An exact copy of every entry below is needed.

* * * * * * *

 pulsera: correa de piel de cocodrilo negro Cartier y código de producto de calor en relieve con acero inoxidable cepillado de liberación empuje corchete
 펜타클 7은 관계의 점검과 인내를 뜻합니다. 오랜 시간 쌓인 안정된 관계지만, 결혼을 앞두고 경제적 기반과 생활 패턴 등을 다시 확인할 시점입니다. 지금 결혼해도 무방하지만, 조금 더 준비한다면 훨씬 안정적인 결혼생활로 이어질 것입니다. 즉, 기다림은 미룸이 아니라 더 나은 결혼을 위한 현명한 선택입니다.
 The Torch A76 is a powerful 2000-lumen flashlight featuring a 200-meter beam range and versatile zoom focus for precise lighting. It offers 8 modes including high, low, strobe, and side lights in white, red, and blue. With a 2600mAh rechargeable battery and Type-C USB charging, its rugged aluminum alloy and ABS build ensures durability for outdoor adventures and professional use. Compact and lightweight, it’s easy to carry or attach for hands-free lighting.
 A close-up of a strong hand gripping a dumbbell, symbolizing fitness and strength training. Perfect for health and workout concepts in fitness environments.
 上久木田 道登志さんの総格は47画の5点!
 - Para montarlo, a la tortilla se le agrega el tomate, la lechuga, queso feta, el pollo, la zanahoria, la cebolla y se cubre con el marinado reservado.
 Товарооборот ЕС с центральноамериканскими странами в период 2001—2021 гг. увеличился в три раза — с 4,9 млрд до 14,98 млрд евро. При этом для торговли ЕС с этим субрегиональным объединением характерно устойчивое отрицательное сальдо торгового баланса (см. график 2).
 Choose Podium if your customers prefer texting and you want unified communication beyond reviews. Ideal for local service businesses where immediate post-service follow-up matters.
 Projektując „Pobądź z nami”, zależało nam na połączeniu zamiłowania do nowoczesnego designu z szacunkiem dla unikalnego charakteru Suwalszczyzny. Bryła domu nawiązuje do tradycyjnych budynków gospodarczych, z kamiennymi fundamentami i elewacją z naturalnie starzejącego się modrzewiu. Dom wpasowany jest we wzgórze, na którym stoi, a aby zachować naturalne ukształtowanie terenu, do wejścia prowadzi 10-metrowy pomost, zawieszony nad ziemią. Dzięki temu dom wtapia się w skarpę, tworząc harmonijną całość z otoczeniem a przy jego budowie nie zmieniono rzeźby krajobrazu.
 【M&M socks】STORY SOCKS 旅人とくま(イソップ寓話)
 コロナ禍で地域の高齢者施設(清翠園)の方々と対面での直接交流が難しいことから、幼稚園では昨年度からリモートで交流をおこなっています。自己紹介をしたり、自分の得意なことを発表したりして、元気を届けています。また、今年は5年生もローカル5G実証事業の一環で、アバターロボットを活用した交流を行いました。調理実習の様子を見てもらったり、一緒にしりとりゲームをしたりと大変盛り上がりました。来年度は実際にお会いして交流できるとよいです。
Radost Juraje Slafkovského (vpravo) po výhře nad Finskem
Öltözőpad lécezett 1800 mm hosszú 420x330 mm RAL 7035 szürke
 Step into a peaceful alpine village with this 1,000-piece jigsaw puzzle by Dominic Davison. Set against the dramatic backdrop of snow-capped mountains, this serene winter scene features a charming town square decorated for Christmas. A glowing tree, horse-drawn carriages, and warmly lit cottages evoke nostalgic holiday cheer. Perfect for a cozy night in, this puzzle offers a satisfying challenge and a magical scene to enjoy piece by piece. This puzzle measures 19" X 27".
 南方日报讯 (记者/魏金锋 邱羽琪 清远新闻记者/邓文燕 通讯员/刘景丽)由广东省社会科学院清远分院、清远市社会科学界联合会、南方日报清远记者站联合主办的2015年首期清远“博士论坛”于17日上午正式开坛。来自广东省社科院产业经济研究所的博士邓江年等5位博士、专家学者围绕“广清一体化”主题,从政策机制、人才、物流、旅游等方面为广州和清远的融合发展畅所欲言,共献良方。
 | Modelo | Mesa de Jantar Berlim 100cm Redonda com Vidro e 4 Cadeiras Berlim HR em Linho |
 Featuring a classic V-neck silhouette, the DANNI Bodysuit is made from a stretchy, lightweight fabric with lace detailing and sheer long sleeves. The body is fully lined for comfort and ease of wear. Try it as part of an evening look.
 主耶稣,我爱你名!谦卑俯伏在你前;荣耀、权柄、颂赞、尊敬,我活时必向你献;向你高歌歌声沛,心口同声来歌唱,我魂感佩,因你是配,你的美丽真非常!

* * * * * * *

Result:
 pulsera: correa de piel de cocodrilo negro Cartier y código de producto de calor en relieve con acero inoxidable cepillado de liberación empuje corchete
 펜타클 7은 관계의 점검과 인내를 뜻합니다. 오랜 시간 쌓인 안정된 관계지만, 결혼을 앞두고 경제적 기반과 생활 패턴 등을 다시 확인할 시점입니다. 지금 결혼해도 무방하지만, 조금 더 준비한다면 훨씬 안정적인 결혼생활로 이어질 것입니다. 즉, 기다림은 미룸이 아니라 더 나은 결혼을 위한 현명한 선택입니다.
 The Torch A76 is a powerful 2000-lumen flashlight featuring a 200-meter beam range and versatile zoom focus for precise lighting. It offers 8 modes including high, low, strobe, and side lights in white, red, and blue. With a 2600mAh rechargeable battery and Type-C USB charging, its rugged aluminum alloy and ABS build ensures durability for outdoor adventures and professional use. Compact and lightweight, it’s easy to carry or attach for hands-free lighting.
 A close-up of a strong hand gripping a dumbbell, symbolizing fitness and strength training. Perfect for health and workout concepts in fitness environments.
 上久木田 道登志さんの総格は47画の5点!
 - Para montarlo, a la tortilla se le agrega el tomate, la lechuga, queso feta, el pollo, la zanahoria, la cebolla y se cubre con el marinado reservado.
 Товарооборот ЕС с центральноамериканскими странами в период 2001—2021 гг. увеличился в три раза — с 4,9 млрд до 14,98 млрд евро. При этом для торговли ЕС с этим субрегиональным объединением характерно устойчивое отрицательное сальдо торгового баланса (см. график 2).
 Choose Podium if your customers prefer texting and you want unified communication beyond reviews. Ideal for local service businesses where immediate post-service follow-up matters.
 Projektując „Pobądź z nami”, zależało nam na połączeniu zamiłowania do nowoczesnego designu z szacunkiem dla unikalnego charakteru Suwalszczyzny. Bryła domu nawiązuje do tradycyjnych budynków gospodarczych, z kamiennymi fundamentami i elewacją z naturalnie starzejącego się modrzewiu. Dom wpasowany jest we wzgórze, na którym stoi, a aby zachować naturalne ukształtowanie terenu, do wejścia prowadzi 10-metrowy pomost, zawieszony nad ziemią. Dzięki temu dom wtapia się w skarpę, tworząc harmonijną całość z otoczeniem a przy jego budowie nie zmieniono rzeźby krajobrazu.
 【M&M socks】STORY SOCKS 旅人とくま(イソップ寓話)
 コロナ禍で地域の高齢者施設(清翠園)の方々と対面での直接交流が難しいことから、幼稚園では昨年度からリモートで交流をおこなっています。自己紹介をしたり、自分の得意なことを発表したりして、元気を届けています。また、今年は5年生もローカル5G実証事業の一環で、アバターロボットを活用した交流を行いました。調理実習の様子を見てもらったり、一緒にしりとりゲームをしたりと大変盛り上がりました。来年度は実際にお会いして交流できるとよいです。
Radost Juraje Slafkovského (vpravo) po výhře nad Finskem
Öltözőpad lécezett 1800 mm hosszú 420x330 mm RAL 7035 szürke
 Step into a peaceful alpine village with this 1,000-piece jigsaw puzzle by Dominic Davison. Set against the dramatic backdrop of snow-capped mountains, this serene winter scene features a charming town square decorated for Christmas. A glowing tree, horse-drawn carriages, and warmly lit cottages evoke nostalgic holiday cheer. Perfect for a cozy night in, this puzzle offers a satisfying challenge and a magical scene to enjoy piece by piece. This puzzle measures 19" X 27".
 南方日报讯 (记者/魏金锋 邱羽琪 清远新闻记者/邓文燕 通讯员/刘景丽)由广东省社会科学院清远分院、清远市社会科学界联合会、南方日报清远记者站联合主办的2015年首期清远“博士论坛”于17日上午正式开坛。来自广东省社科院产业经济研究所的博士邓江年等5位博士、专家学者围绕“广清一体化”主题,从政策机制、人才、物流、旅游等方面为广州和清远的融合发展畅所欲言,共献良方。
 | Modelo | Mesa de Jantar Berlim 100cm Redonda com Vidro e 4 Cadeiras Berlim HR em Linho |
 Featuring a classic V-neck silhouette, the DANNI Bodysuit is made from a stretchy, lightweight fabric with lace detailing and sheer long sleeves. The body is fully lined for comfort and ease of wear. Try it as part of an evening look.
 主耶稣,我爱你名!谦卑俯伏在你前;荣耀、权柄、颂赞、尊敬,我活时必向你献;向你高歌歌声沛,心口同声来歌唱,我魂感佩,因你是配,你的美丽真非常!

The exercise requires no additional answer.